The capsule eventually landed in Jamaica where this force of nature stepped out of the pod fully formed and fabulous. Of course Grace Beverly Jones’s actual story is far more interesting than anything I could make up. I recommend taking a look at Steve’s article if this one has whet your appetite especially as the one area where we do intersect is our love for the excellent 2017 documentary Bloodlight And Bami, for an inside story behind the scenes and a strange fascinating insight into her unconventional life and career. 

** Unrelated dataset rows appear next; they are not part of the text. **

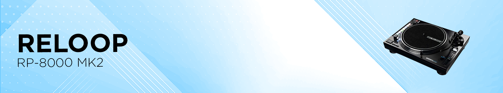 | Features | Reloop RP-8000 MK2Type: Direct-drive turntable Drive: Quartz driven upper-torque direct drive Motor: 16-pole, 3-phase, brushless motor Turntable Speeds: 3 speeds, manual (33 1/3, 45, 78 RPM) Starting Torque: 2.8 - 4.5 kg/cm (adjustable) Adjustable Stop Time: 0.2 - 6 sec. Start-up Time / Change to RPM: < 0.2 sec Wow and Flutter: 0.01% WRMS* Signal-to-Noise Ratio: > 55 dB (DIN-B) Brake System: Electronic brake Platter Material: Die cast aluminium Platter Diameter: 332 mm Platter Weight: Approx. 1.5 kg Tonearm Type: Universal, static balanced, S-shaped Effective Length: 230 mm Overhang: 15 mm Tracking Error Range: < 3° VTA Setting Range: 0 - 6 mm Usable Weight of Pick-ups: 3.5 ~ 8.5 g (incl. headshell 13 ~ 18 g) Anti-Skating Range: 0 - 3 g Effective Tonearm Mass: 30 g Connections: 1x PHONO / 1x LINE Out (gold-plated), 1x GND earth connection, 1x USB port (Type B) Power Supply: AC 115/230 V, 60/50 Hz (EU/US), AC 100 V, 50/60 Hz (JP) Power Consumption: 17 W Dimensions (W x D x H): 458 x 354 x 144.6 mm Weight: Approx. 11.8 kg Accessories Included: Turntable, slipmat, LED needle light, counterweight, phono RCA cable with grounding, USB cable, power cord, operating instructions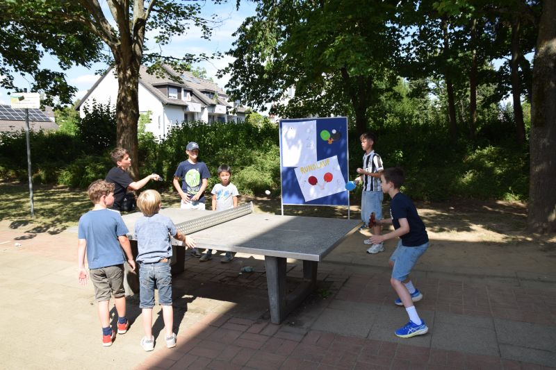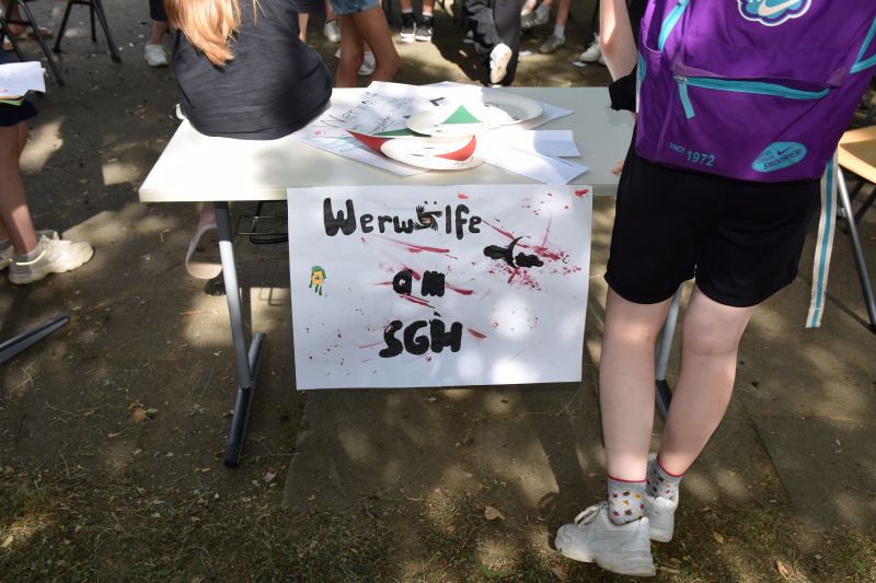 Um 17 Uhr startete man mit der Spieleolympiade bestehend aus einem Werwolf-Spiel, einem Bobbycar-Rennen, Körbewerfen, Wasserschlachten, einem SGH-Quizz, einem Wettessen, einem Triathlon mit Wasserspaß, Tischtennisrundlaufen, Viererstaffellauf, Pfeil- und Bogenschießen, Wikingerschach, Slackline und Riesenmemory, Fußballbowling, einem Kinderfotoratespiel von den LehrerInnen, und diversen Essangeboten (Pizza, Popcorn, Candy und Mocktails).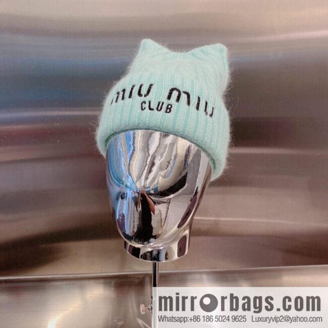 Miu Miumiu 2022 autumn and winter new knitted wool hat, cat ear wool hat, 50 wool% 50 rabbit hair, drive DNU multi-color Weight 1 lbs Style Beanie Hats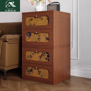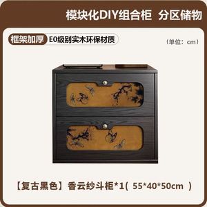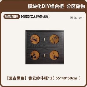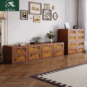 中古风香云纱斗柜模块组合柜客厅复古轻奢电视柜床头柜实木卡门柜

You would think that a documentary that fly on the wall would rob her of her mystique but it really doesn’t. It does show a determined and smart woman who knows exactly what she wants and how to make it happen. You also see that she could walk down the street and meet a dozen different people and each would meet a different Grace Jones. None would be inauthentic but every one would be iconic; she is a living artwork and a grand master of androgyny at adapting to any situation and keeping people guessing. That Grace was an admirer – and almost a co-star – of the equally vampiric and clever chameleon David Bowie is little surprise.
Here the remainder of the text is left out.